La denuncia de estos delitos sigue siendo baja. Muchas víctimas no reportan el fraude por vergüenza o desconocimiento. Otras consideran que las autoridades no podrán recuperar su dinero. Esta falta de denuncias dificulta dimensionar el problema y diseñar respuestas efectivas.
Las plataformas digitales deben implementar sistemas de alerta temprana. Cuando detecten actividad sospechosa, deben notificar inmediatamente al usuario. También pueden bloquear temporalmente transacciones hasta confirmar su legitimidad. Estos mecanismos preventivos pueden evitar pérdidas significativas.

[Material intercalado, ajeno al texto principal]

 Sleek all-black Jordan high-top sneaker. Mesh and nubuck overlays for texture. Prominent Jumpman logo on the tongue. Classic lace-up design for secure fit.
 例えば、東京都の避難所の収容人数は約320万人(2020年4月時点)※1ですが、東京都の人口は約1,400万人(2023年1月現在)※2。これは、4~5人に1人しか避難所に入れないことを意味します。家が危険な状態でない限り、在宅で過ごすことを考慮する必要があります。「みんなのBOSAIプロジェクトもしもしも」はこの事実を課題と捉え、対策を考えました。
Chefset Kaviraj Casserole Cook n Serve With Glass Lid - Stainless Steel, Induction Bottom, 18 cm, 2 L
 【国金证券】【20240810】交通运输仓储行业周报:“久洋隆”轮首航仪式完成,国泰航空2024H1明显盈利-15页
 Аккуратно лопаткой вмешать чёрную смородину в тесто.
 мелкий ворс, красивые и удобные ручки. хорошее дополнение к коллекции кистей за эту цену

La colaboración entre entidades financieras resulta fundamental. Compartir información sobre nuevas modalidades de fraude beneficia a todo el sector. También permite identificar patrones y redes de delincuentes. Sin embargo, esta colaboración debe respetar la privacidad de los usuarios.
Los consumidores deben desarrollar un escepticismo saludable. Ofertas demasiado atractivas generalmente esconden fraudes. Solicitudes urgentes de información personal deben generar sospecha. Verificar independientemente la autenticidad de comunicaciones resulta siempre recomendable.

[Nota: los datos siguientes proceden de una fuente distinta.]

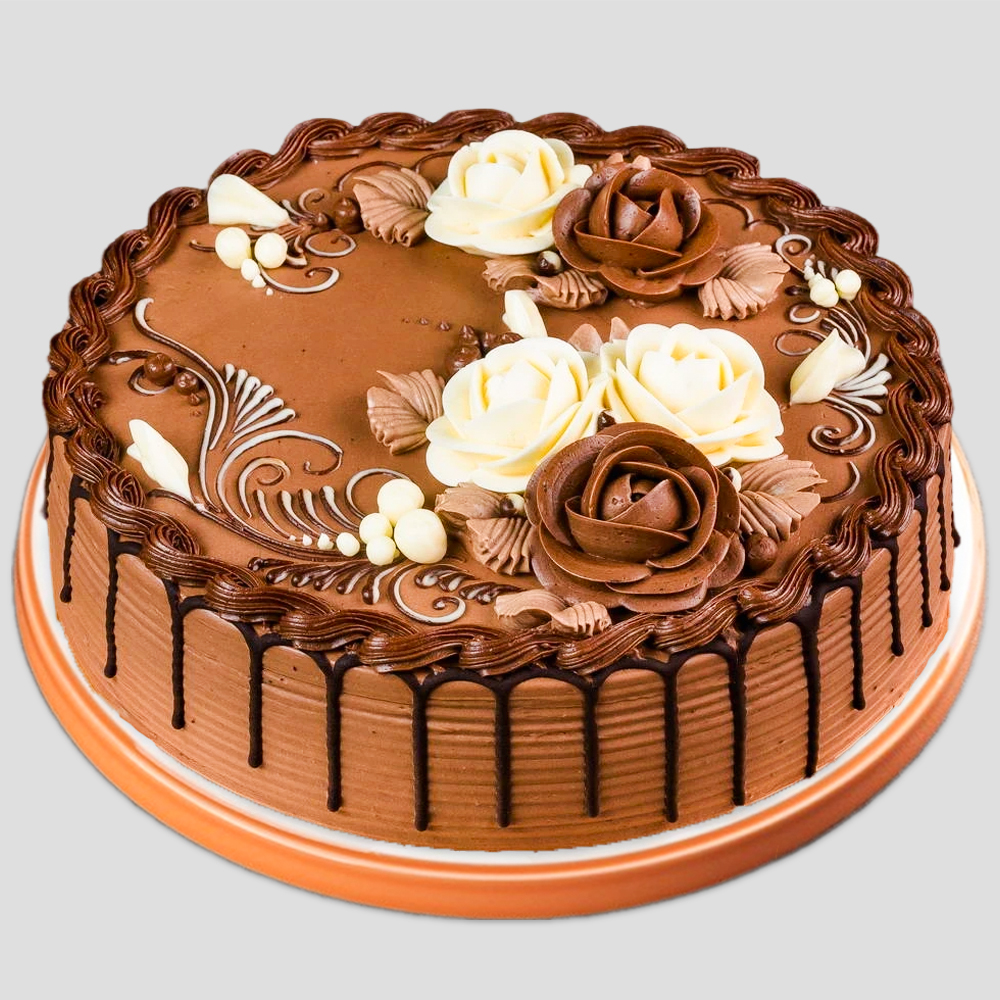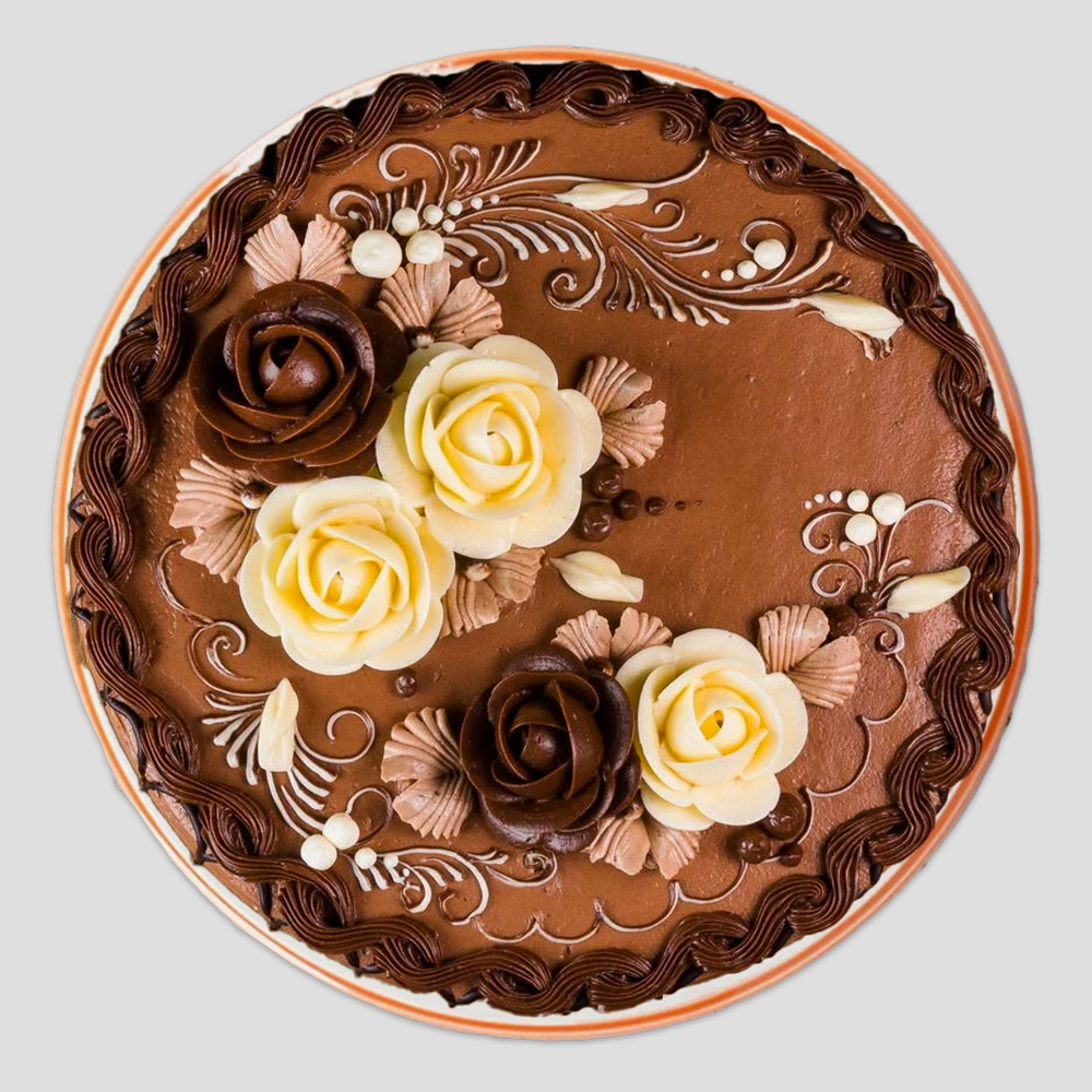 Красиво украшен, вкусный крем, не слишком сладкиц.
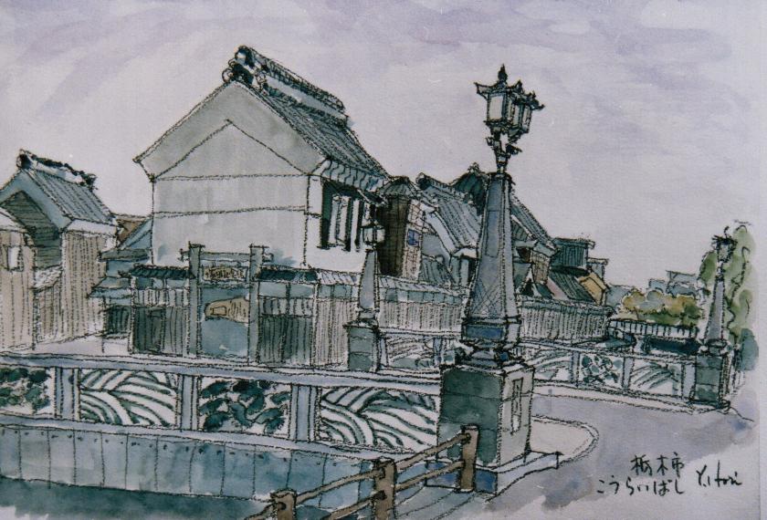 とちぎも蔵の多い町です。町の中を流れる巴波(うずま)川沿いの黒塀と家並みは江戸の情緒を感じさせます。幸来橋のたもとの建物は昔の木材回漕問屋で今は歴史記念館になっています。

Las contraseñas seguras siguen siendo la primera línea de defensa. Deben ser largas, complejas y únicas para cada servicio. Los gestores de contraseñas facilitan esta tarea. Además, cambiarlas periódicamente reduce el riesgo de compromiso.
La actualización constante de software y aplicaciones es crucial. Muchos fraudes explotan vulnerabilidades en versiones antiguas. Los desarrolladores lanzan actualizaciones precisamente para corregir estas fallas. Por lo tanto, posponer actualizaciones aumenta innecesariamente el riesgo.
El futuro de la seguridad digital depende de múltiples actores. Los usuarios deben educarse y adoptar prácticas seguras. Las empresas deben invertir en protección y transparencia. Las autoridades deben actualizar marcos legales y fortalecer capacidades investigativas.
La tecnología continuará evolucionando rápidamente. Los delincuentes también perfeccionarán sus métodos. Por ello, la lucha contra el fraude digital requiere adaptación constante. No existe una solución definitiva, sino un proceso continuo de mejora.
La confianza digital se construye día a día. Cada interacción segura fortalece la percepción de confiabilidad. Por el contrario, cada fraude exitoso erosiona la confianza del ecosistema. Reconstruir esta confianza requiere esfuerzos sostenidos de todos los actores involucrados.